J’espère pouvoir achever un de ces multiples projets d’écriture que je ne cesse d’entamer…
Auteur
Vous souhaitant d’y parvenir, encore un peu d' »acharnement » ! 🙂
Merci Alexandra pour les encouragements.
Si vous permettez je veux bien traduire à l’arabe un de vos articles intitulé » le meilleur des mondes d’Aldous Huxly: un monde sous conditionnement pour un civilisation zéro défaut ». Alors je me demande si ça sera possible?
Auteur
Je vous en prie.
Concernant la traduction de mes articles, si la diffusion n’est pas publique sur Internet mais uniquement dans le cadre privé d’une classe par exemple c’est d’accord en mentionnant la source et l’auteur. Pour toute diffusion publique sur Internet ou tout autre média, cela ne sera pas possible en revanche. Les articles sur Buzz littéraire ne sont pas libres de droit. Merci de votre compréhension et de votre respect de travail fourni.

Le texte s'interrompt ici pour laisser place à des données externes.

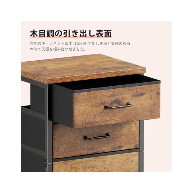 【温かみのあるデザイン】布制のキャビネットに金属のシンプルな取っ手と質感のある木制の天板を組み合わせました。シンプルなデザインと落ち着いた色合いで、単体の使用でも違和感なくインテリアになじみます。オフィスや寝室、リビングなど、さまざまな場所で使用できます。

Je voulais bien le publier sur un journal electronique « sasapost » tout en mentionnant bien entendu la source et le nom de l’auteur.

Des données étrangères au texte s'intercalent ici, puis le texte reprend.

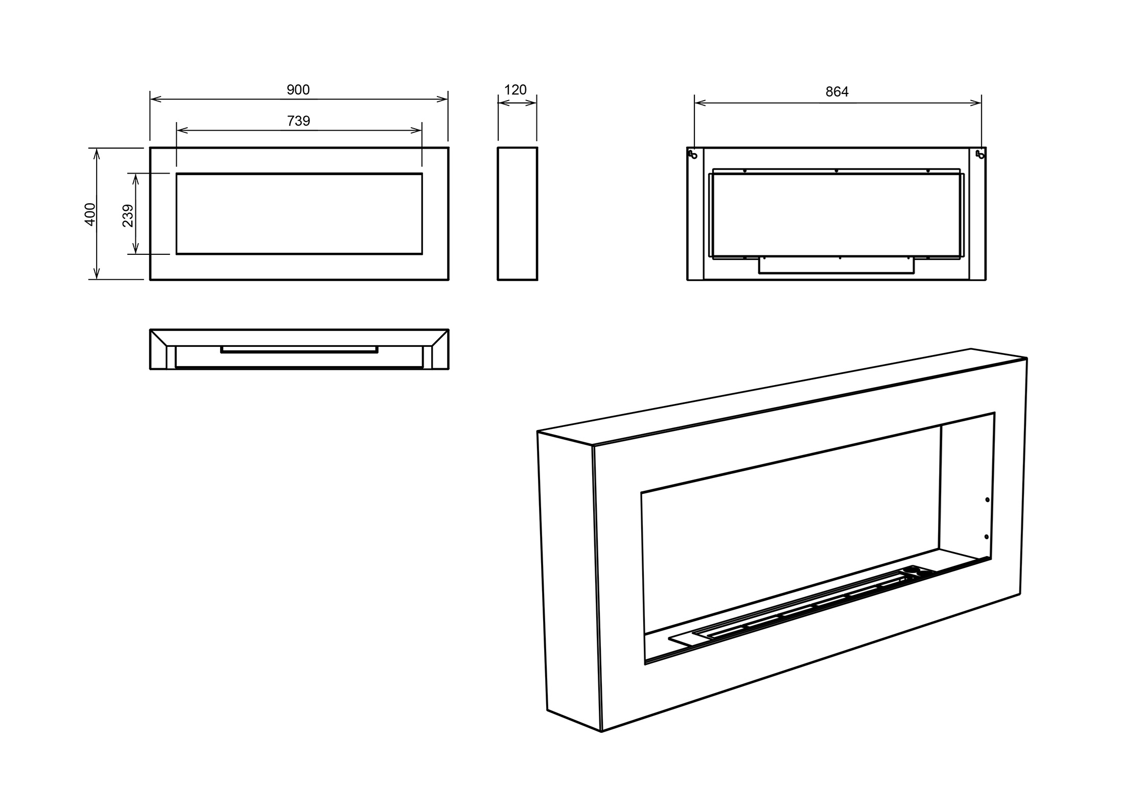 Biokominek wiszący 900x400 Box wystarczy przymocować do ściany w dowolnym miejscu, bez podłączania do komina! Doskonale sprawdzi się jako ozdoba, którą

Si vous savez combien de jours j’ai fait pour l’achever. Si vous pouvez me le permettre cette fois seulement … je vs en prie.
Auteur
C est OK pour cette fois à titre strictement exceptionnel svp, en mettant le lien vers l article original.
Les articles sur Buzz littéraire sont protégés par les droits du copyright, ils ne sont donc pas libres de droit. De ce fait, il n’est pas possible de les traduire pour les publier ailleurs ou des les réutiliser sur un autre support public qu’il soit en ligne ou non. Chacun est libre d’accomplir un travail de critique littéraire et de publier son propre travail sur son site. Comme le dit David Foenkinos « Ecrire c’est s’acharner » 🙂 donc à chacun de prendre le temps d’écrire ses propres critiques et de produire son propre travail et ses propres pensées, comme je l’ai fait, ce ce qui sera au final bénéfique au plus grand nombre.
Merci de votre compréhension.
PS : je clos les commentaires sur ce sujet qui n’a pas de lien avec l’article ci-dessus afin de garder une cohérence dans les commentaires en rapport avec les articles concernés.
Merci infiniment pour votre compréhension.
Si vous pouvez me donner des infornations à indiquer concernant l’auteur.
Encore merci pour votre collaboration.